Attributed to its scaling down capability and potential advantage on significantly lowering the power consumption, electrical control of magnetism has been one of the hottest topics in the research of spintronics^[1]. For instances, magnetization reversal by spin transfer and/or spin-orbit torque, and magnetic domain wall motion by spin-polarized current have been extensively studied and proved to be very promising^[1–5]. The ultimate goal of the endeavor is definitely to decrease the switching energy of a single magnetic bit to its theoretical limit, in which controlling the magnetism in nanoscale through applying an electric field is one of the most attractive methods.

As one of the very first demonstrations, dilute magnetic semiconductors (DMS) have played a very critical role, due to their features of combining carrier-mediated ferromagnetism and relatively low carrier density together^[6–11]. Among these materials, (Ga,Mn)As has been investigated most extensively, based on which electric-field control of Curie temperature (T_C), saturation magnetization (M_s), coercive field (H_c), magnetic anisotropy and magnetization vector rotation has all been successfully realized^[12–15]. So far, previous reports were mainly focusing on the mechanism of the electrical control of magnetism, and/or exploited this method to investigate the rich physics in (Ga,Mn)As and related heterostructures^[6–15]. As a fundamental question, it is also interesting to know to what extent one can manipulate the magnetism in (Ga,Mn)As films experimentally^[16].

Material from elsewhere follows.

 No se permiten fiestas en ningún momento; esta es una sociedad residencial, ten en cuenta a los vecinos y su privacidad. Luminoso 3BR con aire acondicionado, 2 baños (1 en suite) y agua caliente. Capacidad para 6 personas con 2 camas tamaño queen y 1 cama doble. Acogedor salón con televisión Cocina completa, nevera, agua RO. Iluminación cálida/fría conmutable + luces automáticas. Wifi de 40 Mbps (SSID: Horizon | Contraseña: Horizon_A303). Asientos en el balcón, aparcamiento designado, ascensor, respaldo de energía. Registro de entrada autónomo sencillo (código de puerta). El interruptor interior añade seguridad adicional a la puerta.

In principle, the main obstacles that restrict the electric-field effect on the magnetism in (Ga,Mn)As lie in two aspects: firstly, stronger ferromagnetism requires larger hole density, which will then decrease the penetration depth of the electric-field and limit the electric-field effect; secondly, thinning down the (Ga,Mn)As films to less than ~5 nm usually makes it insulating and even destroys its ferromagnetism. Correspondingly, two routes could be employed to partly figure out these problems: one is using advanced techniques that can apply larger electric-field than the upper limit of conventional gating method, which usually uses solid state dielectrics as the gate insulator and results in a highest breakdown strength of electric-field of ~ 1 V/nm^[17–21]; the second way is trying to maintain the ferromagnetism of (Ga,Mn)As while decreasing its thickness^{[14, 15, 22]}. For the first solution, ionic liquid and organic molecules have shown their power by presenting enhanced manipulation capability^[17–21]. However, experiments adopting the second method are still rare^[17–21].

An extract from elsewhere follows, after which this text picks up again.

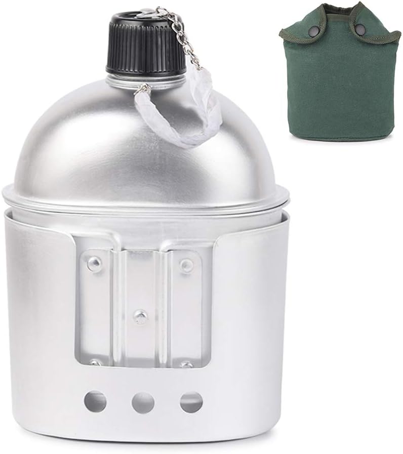 HUIOP Camping cookware Set, 4pcs Cookware Set Aluminum Canteen Cup Wood Stove Set with Foldable Spork and Cover Bag for Camping Hiking Backpacking

In this work, by a special layer structure design which suppresses the hole depletion near the interface of (Ga,Mn)As and GaAs or (Al,Ga)As layers, we successfully grew ferromagnetic ultrathin (Ga,Mn)As films with thickness down to ~2 nm. Moreover, these samples maintain relatively high T_C (~100 K) and metallic transport properties. Furthermore, by using ionic liquid as the gate dielectric, giant modulation of magnetism via electric-field in (Ga,Mn)As thin film was realized. As indicated by the transport measurements, the largest variation of T_C exceeds 100 K, which is nearly 5-times larger than previous results. Our results provide a new pathway for the efficient electrical control of magnetism in (Ga,Mn)As.

Two series of (Ga,Mn)As samples with thickness of ~2 nm were grown on GaAs (001) substrates by molecular-beam epitaxy (MBE), which are named as series-A and series-B samples, respectively. All the underlayers were deposited at ~560 °C, while the (Ga,Mn)As layer was grown at ~220 °C. In each set of samples, four (Ga,Mn)As samples with nominal Mn concentration of ~8%, 9%, 10% and 11% are prepared. The main difference between these two sets of samples is that the low-temperature grown GaAs or (Al,Ga)As underlayer in conventional layer structure were replaced by a heavily Be-doped GaAs layer. The layer structure is shown in Fig. 1, and the sample information is listed in Table 1. The doping concentration of the Be-doped GaAs is about 2 × 10¹⁹ cm^–3, while its thickness is 4 nm, the same with the low-temperature GaAs layer. It is well known that the hole density in (Ga,Mn)As with T_C higher than 100 K is usually in the range of 5 × 10¹⁹–2 × 10²¹ cm^–3, which will be partly depleted at the interface, especially when the underlayer is low temperature grown n-type GaAs layer. This depletion phenomenon is not important when (Ga,Mn)As film is thick enough, but can be very crucial for ultrathin films, which might account for the insulating tendency of ultrathin (Ga,Mn)As films. Moreover, the hole-mediated ferromagnetism of (Ga,Mn)As will also be strongly weakened as a result of the hole depletion. For the above reasons, the heavily p-doped GaAs layers in series-B samples are expected to suppress the depletion of holes and the tendency of being insulating (or even loss of ferromagnetism) in (Ga,Mn)As ultrathin films.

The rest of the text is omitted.